A practical content audit for AI sub-query coverage
Before creating new content, it's worth auditing what you already have against the sub-query structure for your main topics. For each core topic your brand covers:
- Write out the primary prompt a user might ask
- Map the likely fan-out: what comparative, definitional, social proof, and recency sub-queries would the model generate?
- Check your existing content against each sub-query -- does any page directly address it?
- Identify the gaps -- sub-queries with no coverage or thin coverage
- Prioritize by volume and competition: which gaps are worth filling first?
This audit usually surfaces two things. First, there are sub-queries you're completely missing -- topics adjacent to your main content that you've never written about because they didn't fit the traditional keyword strategy. Second, there's existing content that covers a sub-query but buries the answer so deep it's unlikely to get extracted. Both are fixable.
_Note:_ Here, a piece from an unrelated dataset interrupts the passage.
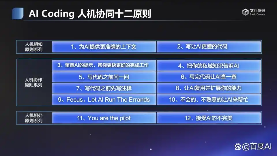 最后,他鼓励年轻开发者们,主动迎接变化,AI 时代的研发人才应当具备产品思维、精通技术架构、掌握人机协同的技巧,并善于利用 AI 解决问题,同时分享了“人机协同十二原则”,引起了现场开发者的广泛关注。

For the first problem, you need new content. For the second, you often just need to restructure what you have -- move the direct answer to the top, add a clear heading, trim the preamble.
Tools that help with sub-query content strategy
| Tool | What it does | Best for |
|---|---|---|
| Promptwatch | Answer gap analysis, AI content generation, crawler logs, citation tracking | Full GEO workflow: find gaps, create content, track results |
| Otterly.AI | AI visibility monitoring across LLMs | Budget-friendly monitoring |
| Peec AI | AI search monitoring | Basic tracking without optimization |
| Profound | Enterprise AI visibility tracking | Large brands with complex monitoring needs |
| Topical Map AI | Builds topical authority maps | Planning content clusters |
| Clearscope | Content optimization for search | Improving existing content coverage |
| Frase | AI content research and optimization | Content briefs and topic research |


For content creation once you've identified the gaps, tools like Jasper and Content at Scale can help produce structured content at volume -- but the brief matters more than the tool. If the brief doesn't specify which sub-questions the content needs to answer, the output will default to generic coverage of the main topic.

The competitive reality
Here's where this gets uncomfortable: your competitors are figuring this out too. The brands that show up consistently in AI responses in 2026 aren't there by accident. They've either published enough content over enough time that they've accidentally covered most of the sub-query space, or they've started deliberately mapping and filling gaps.
One commercial lending company cited by ROI Amplified now gets 15% of all sales calls directly from ChatGPT queries -- customers who never touched Google. That's not a small number. It's the kind of shift that happens when a brand systematically covers the sub-query space for its category while competitors are still optimizing for traditional search.
The window to get ahead of this is narrowing. The brands that build comprehensive sub-query coverage now will be harder to displace as AI models develop citation preferences for reliable sources. The brands that wait until AI search is fully mainstream will be fighting for scraps.
The mechanics aren't complicated: understand how prompts fan out into sub-queries, audit your content against that structure, fill the gaps, and track whether the new content gets cited. The execution takes time, but the strategy is clear.
Start with one topic. Map the fan-out. Find the gaps. Write the content. Then check whether it gets picked up.